▶ **EXTRACTED ENTRIES**:
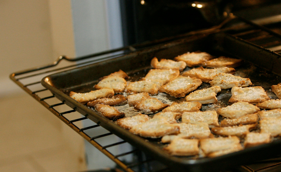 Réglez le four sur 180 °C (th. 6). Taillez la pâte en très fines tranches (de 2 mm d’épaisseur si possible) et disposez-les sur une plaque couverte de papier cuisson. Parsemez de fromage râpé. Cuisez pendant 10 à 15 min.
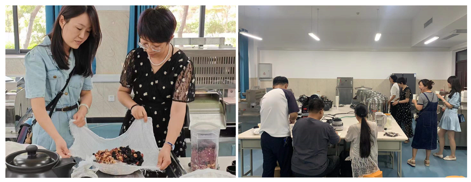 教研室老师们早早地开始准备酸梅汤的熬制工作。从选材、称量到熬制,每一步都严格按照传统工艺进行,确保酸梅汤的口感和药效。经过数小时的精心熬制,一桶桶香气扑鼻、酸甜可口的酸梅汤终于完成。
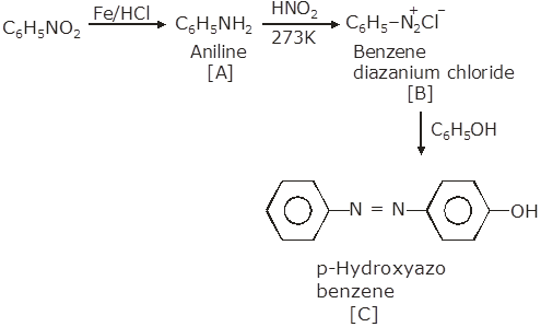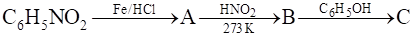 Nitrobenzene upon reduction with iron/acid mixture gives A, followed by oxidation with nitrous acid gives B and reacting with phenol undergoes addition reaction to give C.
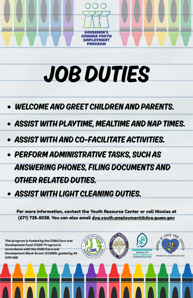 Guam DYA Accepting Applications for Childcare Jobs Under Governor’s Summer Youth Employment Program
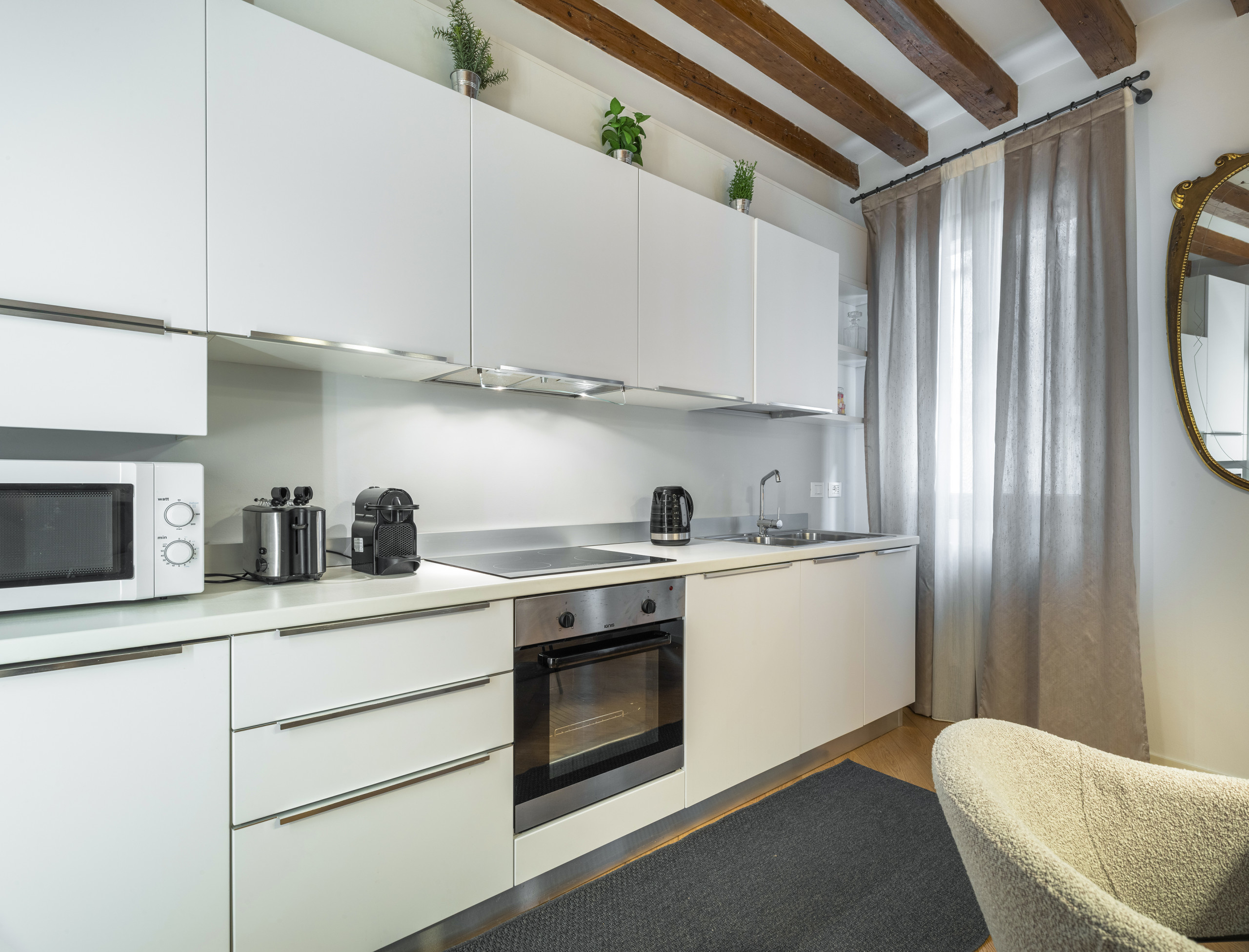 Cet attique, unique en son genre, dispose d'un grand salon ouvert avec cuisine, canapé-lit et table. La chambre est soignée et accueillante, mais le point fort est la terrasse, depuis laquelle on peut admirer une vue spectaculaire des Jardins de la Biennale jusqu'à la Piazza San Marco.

▶ **TASK DESCRIPTION**: Word for word, give the entries back in full; the pictures do not belong in the copy.

▶ **RESPONSE BELOW**:
 Réglez le four sur 180 °C (th. 6). Taillez la pâte en très fines tranches (de 2 mm d’épaisseur si possible) et disposez-les sur une plaque couverte de papier cuisson. Parsemez de fromage râpé. Cuisez pendant 10 à 15 min.
 教研室老师们早早地开始准备酸梅汤的熬制工作。从选材、称量到熬制,每一步都严格按照传统工艺进行,确保酸梅汤的口感和药效。经过数小时的精心熬制,一桶桶香气扑鼻、酸甜可口的酸梅汤终于完成。
 Nitrobenzene upon reduction with iron/acid mixture gives A, followed by oxidation with nitrous acid gives B and reacting with phenol undergoes addition reaction to give C.
 Guam DYA Accepting Applications for Childcare Jobs Under Governor’s Summer Youth Employment Program
 Cet attique, unique en son genre, dispose d'un grand salon ouvert avec cuisine, canapé-lit et table. La chambre est soignée et accueillante, mais le point fort est la terrasse, depuis laquelle on peut admirer une vue spectaculaire des Jardins de la Biennale jusqu'à la Piazza San Marco.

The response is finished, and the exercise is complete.